Example 10.2 Statistical software output for BMI and physical activity.

Data set icon for pabmi.

Figure 10.4 gives the outputs from two commonly used statistical software packages and Excel. Other software will give similar information. The JMP output reports estimates of our three parameters as b0=29.578, b1=-0.655, and s=3.6549. Be sure that you can find these values in this output and the corresponding values in the other outputs.

Excel, JMP, and R outputs for a regression analysis.

Figure 10.4 Regression outputs from Excel, JMP, and R, Example 10.2.

The least-squares regression line is the straight line that is plotted in Figure 10.3 (page 518). We would report it as

BMI^=29.578-(0.655×PA)

with an estimated model standard deviation of s=3.655. Because PA is coded in thousands of steps, the estimated model says that for each increase of 1000 steps per day, we expect the average BMI to be 0.655 smaller. The large estimated model standard deviation, however, suggests that there is a lot of variability about these means.

Note that the number of digits provided varies with the software used, and we have rounded the values to three decimal places. It is important to avoid cluttering up your report of the results of a statistical analysis with many digits that are not relevant. caution Software often reports many more digits than are meaningful or useful.

Computer outputs often give more information than we want or need. This is done to reduce user frustration when a software package does not print out the particular statistics wanted for an analysis. As you gain experience interpreting output, you learn to ignore the parts of the output that are not needed for the current analysis.

Example 10.3 Predicted values and residuals for BMI.
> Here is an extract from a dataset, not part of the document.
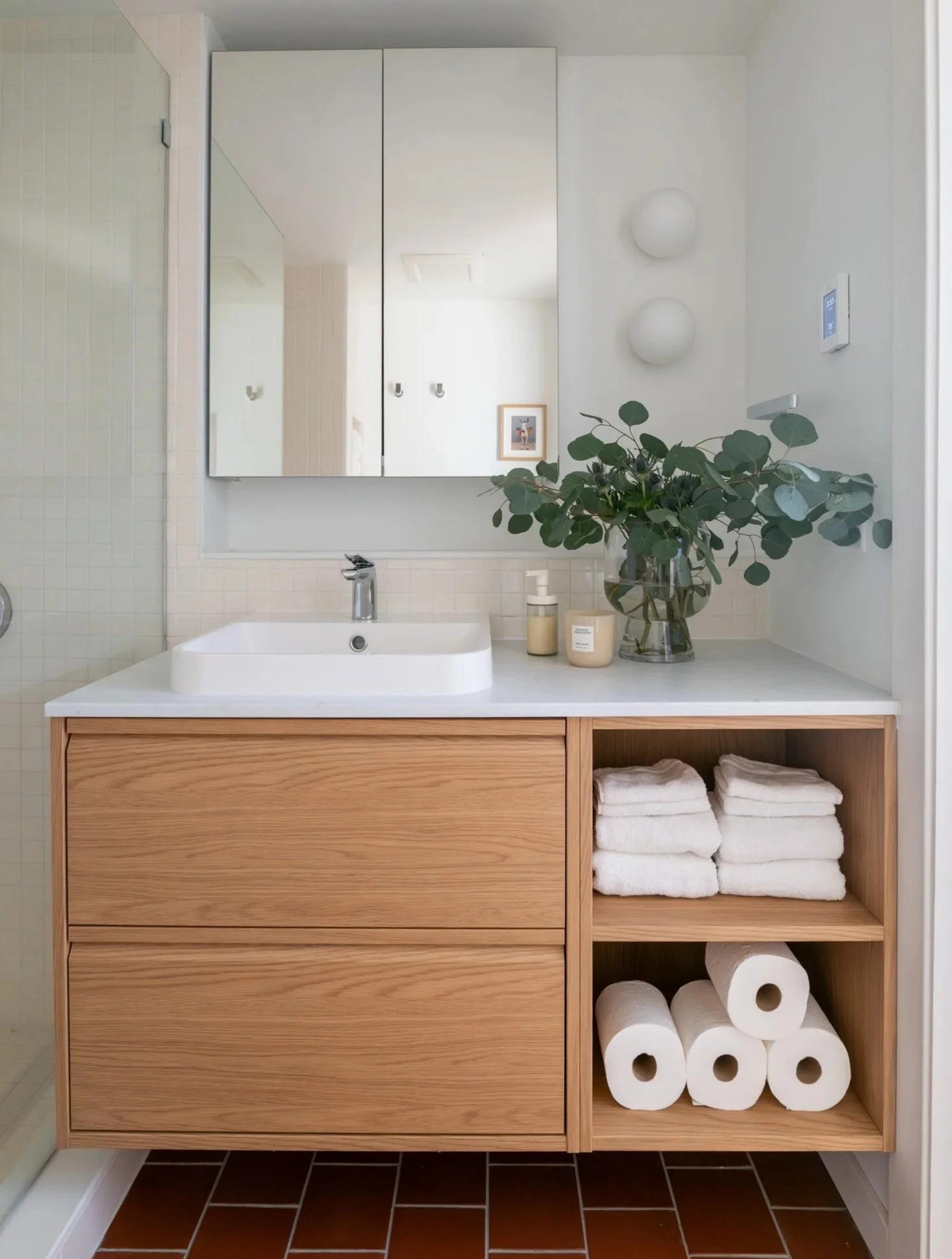 A Full Bathroom: We prioritized functionality and comfort with a spacious shower, ample storage for linens, and the ultimate game-changer: heated floors.

We can use the least-squares regression equation to find the predicted BMI corresponding to any value of PA. Suppose that a female college student averages 8000 steps per day. We predict that this person will have a BMI of

29.578-(0.655×8)=24.338

If her actual BMI is 25.655, then the residual would be

y-y^=25.655-24.338=1.317

Because the means μy lie on the line μy=β0+β1x, they are all determined by β0 and β1. Thus, once we have estimates of β0 and β1, the linear relationship determines the estimates of μy for all values of x. Linear regression allows us to do inference not only for subpopulations for which we have data but also for those corresponding to x’s not present in the data. These x-values can be both within and outside the range of observed x’s. caution However, extreme caution must be taken when performing inference for an x-value outside the range of the observed x’s, also known as extrapolation, because there is no assurance that the same linear relationship between μy and x holds.

Check-in
  1. 10.3 More on BMI and physical activity. Refer to Examples 10.2 (page 522) and 10.3.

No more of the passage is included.